### Exercise material
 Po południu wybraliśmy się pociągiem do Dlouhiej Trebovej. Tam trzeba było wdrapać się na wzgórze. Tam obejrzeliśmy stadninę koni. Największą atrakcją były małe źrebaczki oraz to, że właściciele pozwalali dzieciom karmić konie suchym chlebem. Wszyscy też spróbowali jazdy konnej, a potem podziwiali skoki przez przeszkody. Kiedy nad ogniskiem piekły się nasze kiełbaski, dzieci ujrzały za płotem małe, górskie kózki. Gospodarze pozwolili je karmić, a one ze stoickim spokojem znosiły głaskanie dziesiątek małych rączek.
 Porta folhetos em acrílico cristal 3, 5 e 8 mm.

...

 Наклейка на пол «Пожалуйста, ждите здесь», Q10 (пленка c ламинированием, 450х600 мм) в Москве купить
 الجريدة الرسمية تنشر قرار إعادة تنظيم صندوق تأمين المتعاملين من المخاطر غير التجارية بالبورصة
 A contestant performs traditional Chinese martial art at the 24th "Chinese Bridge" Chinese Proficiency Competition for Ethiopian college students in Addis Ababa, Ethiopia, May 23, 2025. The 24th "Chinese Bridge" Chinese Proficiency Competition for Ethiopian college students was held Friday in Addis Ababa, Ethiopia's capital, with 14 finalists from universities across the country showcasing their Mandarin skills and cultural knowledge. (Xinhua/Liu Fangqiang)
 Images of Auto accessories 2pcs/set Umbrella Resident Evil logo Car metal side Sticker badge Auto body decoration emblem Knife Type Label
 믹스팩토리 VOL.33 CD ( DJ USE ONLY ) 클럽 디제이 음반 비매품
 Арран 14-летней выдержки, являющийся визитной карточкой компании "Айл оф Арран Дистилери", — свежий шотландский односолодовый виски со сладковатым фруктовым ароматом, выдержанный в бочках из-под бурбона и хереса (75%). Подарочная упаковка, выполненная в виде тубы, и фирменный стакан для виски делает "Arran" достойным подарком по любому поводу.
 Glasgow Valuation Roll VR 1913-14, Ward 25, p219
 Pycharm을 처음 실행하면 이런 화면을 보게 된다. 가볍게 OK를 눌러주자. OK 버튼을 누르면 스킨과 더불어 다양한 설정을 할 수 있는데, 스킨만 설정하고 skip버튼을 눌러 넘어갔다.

### Work order
Restate word for word only the lines above from the line containing "Po południu wybraliśmy" to the line containing "Porta folhetos em", both of them included.

### Solution to this exercise
 Po południu wybraliśmy się pociągiem do Dlouhiej Trebovej. Tam trzeba było wdrapać się na wzgórze. Tam obejrzeliśmy stadninę koni. Największą atrakcją były małe źrebaczki oraz to, że właściciele pozwalali dzieciom karmić konie suchym chlebem. Wszyscy też spróbowali jazdy konnej, a potem podziwiali skoki przez przeszkody. Kiedy nad ogniskiem piekły się nasze kiełbaski, dzieci ujrzały za płotem małe, górskie kózki. Gospodarze pozwolili je karmić, a one ze stoickim spokojem znosiły głaskanie dziesiątek małych rączek.
 Porta folhetos em acrílico cristal 3, 5 e 8 mm.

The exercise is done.